Database Catalogs are configuration objects that grant BodoSQL access to load tables from a remote database. Bodo platform now supports adding Database catalogs through the UI and provides users the option to write native SQL code to run on the tables in the connected remote database.

Adding a Database Catalog¶

Supported On AWS · Supported on Azure

In your workspaces view, navigate to the Catalogs section in the sidebar. Click on CREATE CATALOG and fill up the form with the required values.

Catalogs

Currently, we support Snowflake Database Catalogs, Tabular Database Catalogs and AWS Glue Catalogs on the Bodo Platform.
See SnowflakeCatalog, TabularCatalog and GlueCatalog for details on the required parameters.

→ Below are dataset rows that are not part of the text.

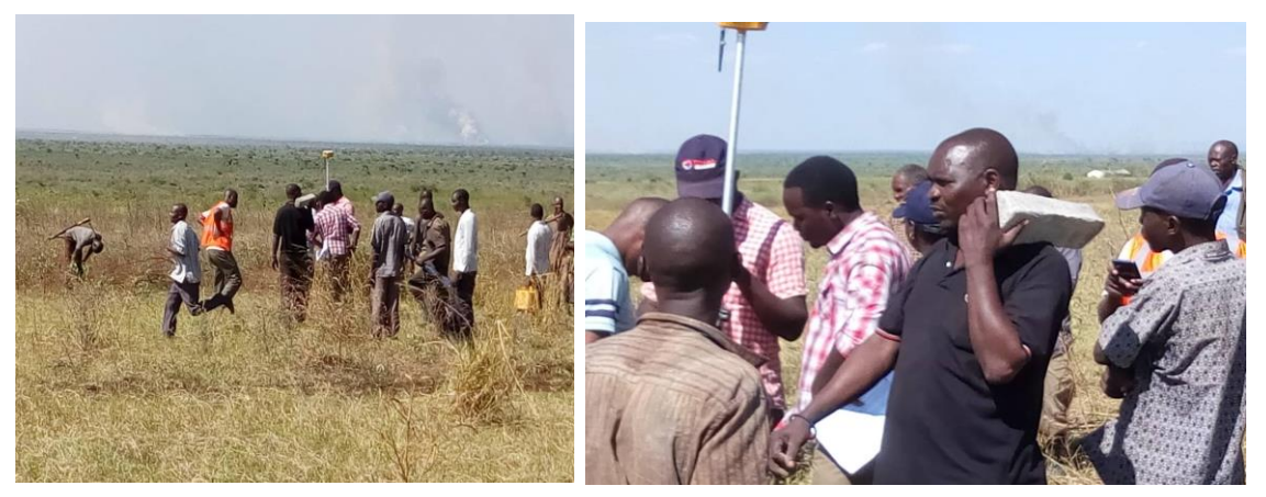
Fig.11 Surveyors opening the first 270 plots of one acre each for contstruction of homes
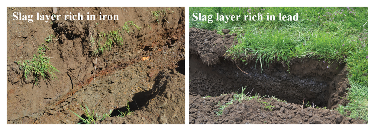
Fig. 3. Profiles of the slag layers from which samples were exempted

Four massive samples of slag from different depths and profiles of trenches were chosen for the analysis. Grinding of these samples was carried out in the laboratory of Faculty of Natural Sciences and Mathematics (Sarajevo), Chemistry department, Chair of Analytical chemistry. For the final assay 0.5 g of each sample was taken with accuracy at \pm 0.1 mg. Samples were prepared according to the modified procedure after Olovčić et al.<sup>30</sup> Fig. 4. shows the slag samples
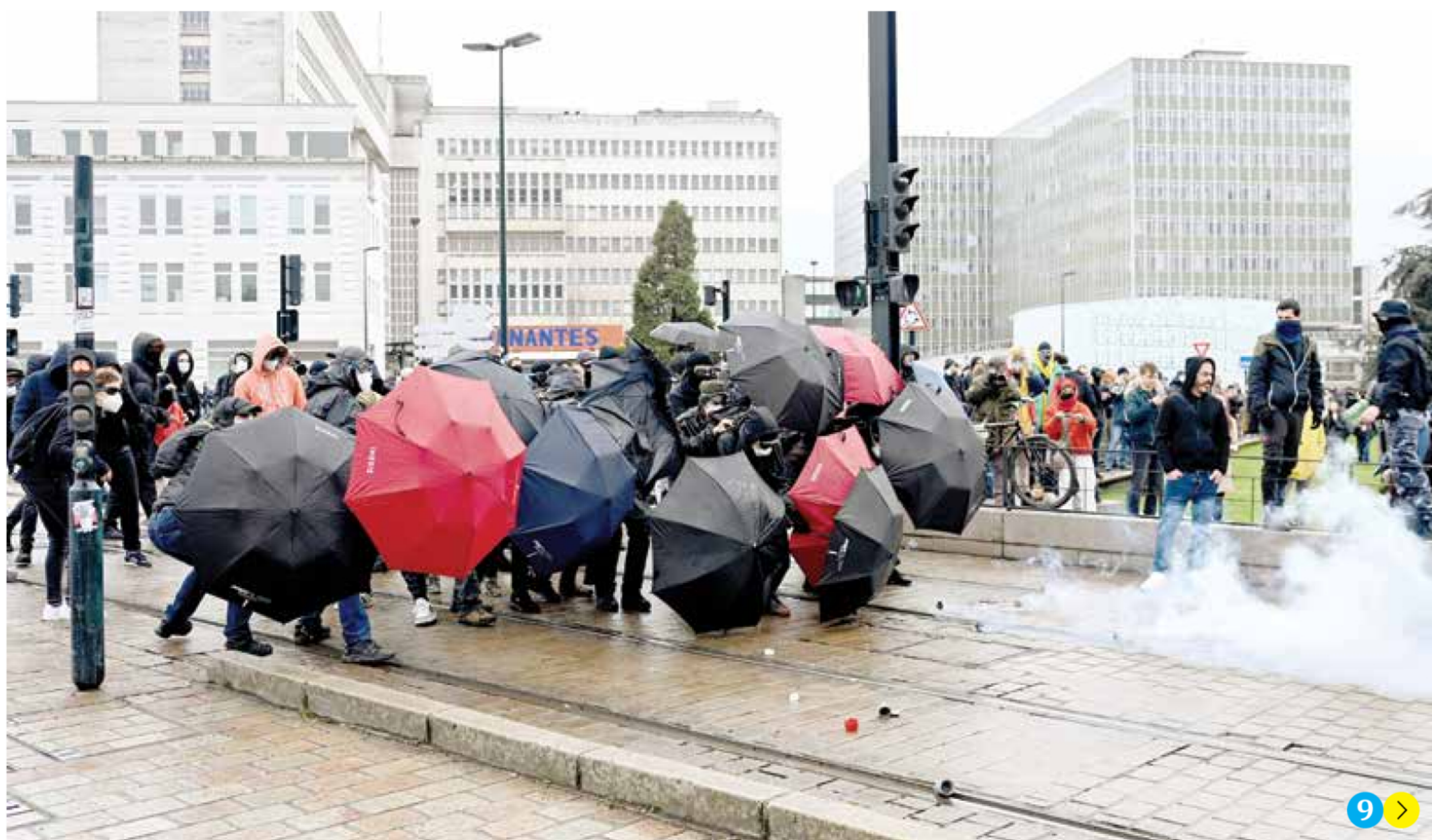
Protesters shield themselves with umbrellas during clashes with police on the sidelines of a demonstration as part of a nationwide day of strikes and protests called by unions over the proposed pensions overhaul in Nantes, western France, on March 11, 2023. 9 > ● SEBASTIEN SALOM-GOMIS/AFP
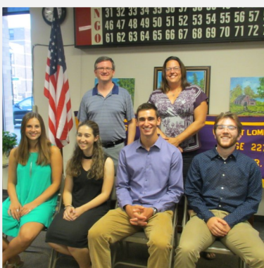
Scholarship Awards Night

Upon submitting the form, you will see that your Catalog has been created and is now available to use in your interactive notebook.

Catalog List

Running a Job With a Database Catalog¶

Supported On AWS · Supported on Azure

To run a SQL job with the database catalog you need to create a job template in the jobs tab.

Job List

Configure the job template normally and under Advanced Options, you can select the Catalog you want to use.

Job Template

Catalogs can also be given to bodosdk jobs. When the job is run, the SQL code will be executed on the tables in the connected remote database.

Using Database Catalogs in Interactive Notebooks¶

Supported On AWS · Supported on Azure

Important

Using Database Catalogs in Interactive Notebooks is only supported for Snowflake Database Catalogs.

When you create a code cell in your interactive notebook, you will notice a blue selector on the top right hand corner of the code cell. By default, this will be set to Parallel-Python. This means that any code written in this cell will execute on all cores of the attached cluster.

Code cell

To enable running native SQL code, you can set the cell type in the blue selector to SQL, and you will need to select your Catalog from the Catalog selector to the left of the cell type selector as shown in the figure below.

Native SQL cell

The output of the SQL query is automatically saved in a distributed dataframe named LAST_SQL_OUTPUT. This dataframe will be overwritten every time a SQL query is run.

Viewing Database Catalogs Data¶

To view the connection data stored in a catalog first connect to a cluster and then run the following in a code cell:

import bodo_platform_utils
bodo_platform_utils.catalog.get_data("catalog_name")